Collected data entries:
============================================================
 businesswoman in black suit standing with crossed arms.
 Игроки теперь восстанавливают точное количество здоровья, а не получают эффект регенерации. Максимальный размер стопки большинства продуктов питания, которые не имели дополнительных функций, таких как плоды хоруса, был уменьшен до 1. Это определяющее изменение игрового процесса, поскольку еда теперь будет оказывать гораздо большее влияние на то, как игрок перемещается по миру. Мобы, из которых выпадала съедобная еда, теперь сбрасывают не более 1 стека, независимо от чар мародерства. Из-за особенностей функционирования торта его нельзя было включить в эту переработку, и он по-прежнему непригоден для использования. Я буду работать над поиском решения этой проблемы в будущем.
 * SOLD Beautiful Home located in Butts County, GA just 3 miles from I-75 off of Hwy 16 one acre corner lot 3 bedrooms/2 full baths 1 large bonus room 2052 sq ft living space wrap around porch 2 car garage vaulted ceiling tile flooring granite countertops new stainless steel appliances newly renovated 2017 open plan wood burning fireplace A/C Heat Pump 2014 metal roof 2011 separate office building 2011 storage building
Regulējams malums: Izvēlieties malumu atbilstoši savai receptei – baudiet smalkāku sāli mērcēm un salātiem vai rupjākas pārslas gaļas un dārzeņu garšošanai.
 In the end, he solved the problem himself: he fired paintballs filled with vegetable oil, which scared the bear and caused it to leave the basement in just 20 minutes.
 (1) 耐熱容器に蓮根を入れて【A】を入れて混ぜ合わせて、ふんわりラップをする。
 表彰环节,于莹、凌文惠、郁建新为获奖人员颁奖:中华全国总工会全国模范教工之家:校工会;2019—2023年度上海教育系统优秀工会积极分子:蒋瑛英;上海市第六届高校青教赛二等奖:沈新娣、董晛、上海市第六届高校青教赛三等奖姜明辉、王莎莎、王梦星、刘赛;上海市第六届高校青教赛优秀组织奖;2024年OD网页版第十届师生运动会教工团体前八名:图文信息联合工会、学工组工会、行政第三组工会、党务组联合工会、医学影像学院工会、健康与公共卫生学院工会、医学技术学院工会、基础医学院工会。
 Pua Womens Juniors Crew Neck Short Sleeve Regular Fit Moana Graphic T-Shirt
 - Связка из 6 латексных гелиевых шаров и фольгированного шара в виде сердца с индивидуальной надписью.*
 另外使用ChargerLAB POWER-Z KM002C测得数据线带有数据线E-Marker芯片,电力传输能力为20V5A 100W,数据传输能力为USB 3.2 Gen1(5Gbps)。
============================================================
* **What you have to do**: Every entry above should be returned exactly as written.

* **Written solution**:
 businesswoman in black suit standing with crossed arms.
 Игроки теперь восстанавливают точное количество здоровья, а не получают эффект регенерации. Максимальный размер стопки большинства продуктов питания, которые не имели дополнительных функций, таких как плоды хоруса, был уменьшен до 1. Это определяющее изменение игрового процесса, поскольку еда теперь будет оказывать гораздо большее влияние на то, как игрок перемещается по миру. Мобы, из которых выпадала съедобная еда, теперь сбрасывают не более 1 стека, независимо от чар мародерства. Из-за особенностей функционирования торта его нельзя было включить в эту переработку, и он по-прежнему непригоден для использования. Я буду работать над поиском решения этой проблемы в будущем.
 * SOLD Beautiful Home located in Butts County, GA just 3 miles from I-75 off of Hwy 16 one acre corner lot 3 bedrooms/2 full baths 1 large bonus room 2052 sq ft living space wrap around porch 2 car garage vaulted ceiling tile flooring granite countertops new stainless steel appliances newly renovated 2017 open plan wood burning fireplace A/C Heat Pump 2014 metal roof 2011 separate office building 2011 storage building
Regulējams malums: Izvēlieties malumu atbilstoši savai receptei – baudiet smalkāku sāli mērcēm un salātiem vai rupjākas pārslas gaļas un dārzeņu garšošanai.
 In the end, he solved the problem himself: he fired paintballs filled with vegetable oil, which scared the bear and caused it to leave the basement in just 20 minutes.
 (1) 耐熱容器に蓮根を入れて【A】を入れて混ぜ合わせて、ふんわりラップをする。
 表彰环节,于莹、凌文惠、郁建新为获奖人员颁奖:中华全国总工会全国模范教工之家:校工会;2019—2023年度上海教育系统优秀工会积极分子:蒋瑛英;上海市第六届高校青教赛二等奖:沈新娣、董晛、上海市第六届高校青教赛三等奖姜明辉、王莎莎、王梦星、刘赛;上海市第六届高校青教赛优秀组织奖;2024年OD网页版第十届师生运动会教工团体前八名:图文信息联合工会、学工组工会、行政第三组工会、党务组联合工会、医学影像学院工会、健康与公共卫生学院工会、医学技术学院工会、基础医学院工会。
 Pua Womens Juniors Crew Neck Short Sleeve Regular Fit Moana Graphic T-Shirt
 - Связка из 6 латексных гелиевых шаров и фольгированного шара в виде сердца с индивидуальной надписью.*
 另外使用ChargerLAB POWER-Z KM002C测得数据线带有数据线E-Marker芯片,电力传输能力为20V5A 100W,数据传输能力为USB 3.2 Gen1(5Gbps)。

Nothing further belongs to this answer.